United States District Court, E.D. Michigan, Northern Division
Oct 30, 2002
Case No. 00-10469-BC (E.D. Mich. Oct. 30, 2002)

Opinion

Case No. 00-10469-BC.

October 30, 2002


OPINION AND ORDER DENYING PETITION FOR WRIT OF HABEAS CORPUS


The petitioner, Mark Shane Rager, a state prisoner presently paroled through the Muskegon County Parole Office in Muskegon, Michigan, has filed a petition for writ of habeas corpus pursuant to 28 U.S.C. § 2254 asserting that he has been denied parole in violation of his state and federal rights. The petitioner appears to assert that his parole revocation violated his due process rights under the Fourteenth Amendment to the United States Constitution, and that he was improperly denied parole subsequent to that revocation. The Court disagrees, and will deny the petition.

I.

The petitioner was convicted of second-degree criminal sexual conduct, Mich. Comp. Laws § 750.520c(1)(a), and being a second felony habitual offender, Mich. Comp. Laws § 769.10, upon his guilty plea in the Muskegon County Circuit Court. He was sentenced in 1990 to a term of incarceration of six to twenty-two and one-half years imprisonment.

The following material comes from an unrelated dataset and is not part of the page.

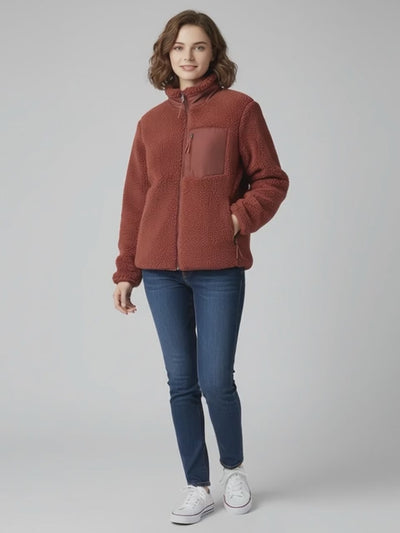 This plush sherpa-fleece jacket delivers warmth and refined comfort in equal measure. Designed with a full-zip front and a stand collar, it offers cozy insulation without sacrificing mobility. A smooth utility chest pocket adds functional contrast while maintaining a clean, elevated aesthetic. Finished with neatly bound edges and relaxed tailoring, this layer embodies timeless leisurewear with modern practicality, perfect for brisk mornings, weekend retreats, or effortless everyday layering.

The facts underlying the petitioner's conviction involve the petitioner sexually assaulting his girlfriend's nine-year-old daughter. The petitioner put his hand under the child's nightgown and inserted a finger into her vagina after he had been consuming alcohol. The petitioner has a history of abusing alcohol, including three arrests for operating a vehicle under the influence of alcohol prior to the conviction in this case. The petitioner does not challenge his conviction or sentence in this action.

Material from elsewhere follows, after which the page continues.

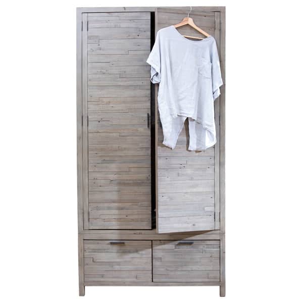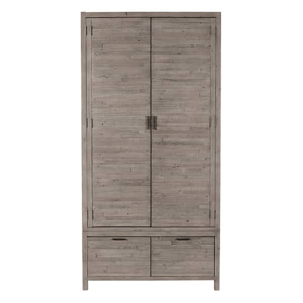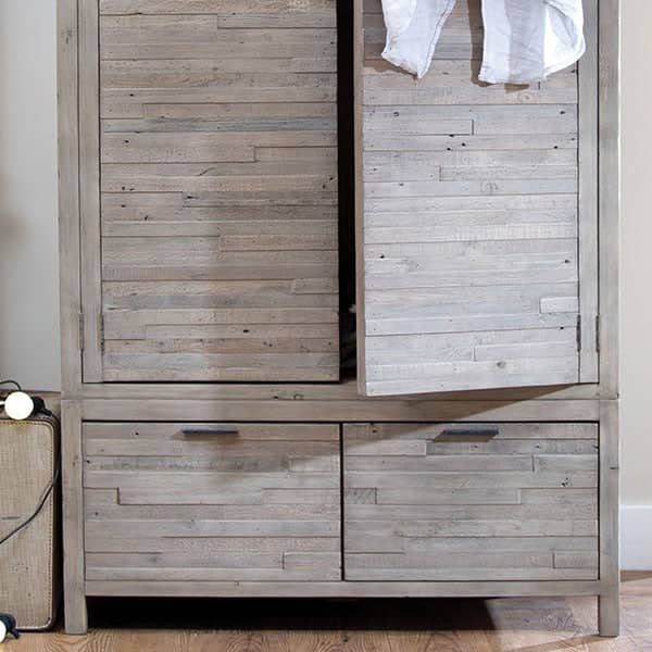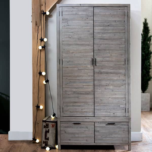 Handcrafted with a light hint of grey hard-wearing lacquer, the Dulwich Reclaimed Wooden Wardrobe comes with 2 large wardrobe door, giving you excellent clothes hanging space. This solid wooden wardrobe also comes complete with 2 large sizeable drawers, perfect for folding clothing items.

The petitioner filed the instant petition for writ of habeas corpus on December 11, 2000, asserting that the Michigan Parole Board's 2000 decision to revoke his parole and subsequent decisions denying him parole violated his state and federal rights.

II.

The provisions of the Antiterrorism and Effective Death Penalty Act of 1996 ("AEDPA"), Pub.L. No. 104-132, 110 Stat. 1214 (April 24, 1996), govern this case because the petitioner filed this habeas petition after the AEDPA's effective date. See Lindh v. Murphy, 521 U.S. 320, 336 (1997). The AEDPA provides:

An application for a writ of habeas corpus on behalf of a person in custody pursuant to the judgment of a State court shall not be granted with respect to any claim that was adjudicated on the merits in State court proceedings unless the adjudication of the claim —
(1) resulted in a decision that was contrary to, or involved an unreasonable application of, clearly established Federal law, as determined by the Supreme Court of the United States; or
(2) resulted in a decision that was based on an unreasonable determination of the facts in light of the evidence presented in the State court proceeding.
28 U.S.C. § 2254(d) (1996).

In Williams v. Taylor, 529 U.S. 362 (2000), the United States Supreme Court undertook a detailed analysis of the correct standard of review under the AEDPA. According to the Supreme Court:

Under § 2254(d)(1), the writ may issue only if one of the following two conditions is satisfied — the state-court adjudication resulted in a decision that (1) "was contrary to . . . clearly established Federal law, as determined the by Supreme Court of the United States," or (2) "involved an unreasonable application of . . . clearly established Federal law, as determined by the Supreme Court of the United States." Under the "contrary to" clause, a federal habeas court may grant the writ if the state court arrives at a conclusion opposite to that reached by this Court on a question of law or if the state court decides a case differently than this Court has on a set of materially indistinguishable facts. Under the "unreasonable application" clause, a federal habeas court may grant the writ if the state court identifies the correct governing principle from this Court's decisions but unreasonably applies that principle to the facts of the prisoner's case.
Id. at 376, 407 (O'Connor, J., delivering the opinion of the Court on this issue).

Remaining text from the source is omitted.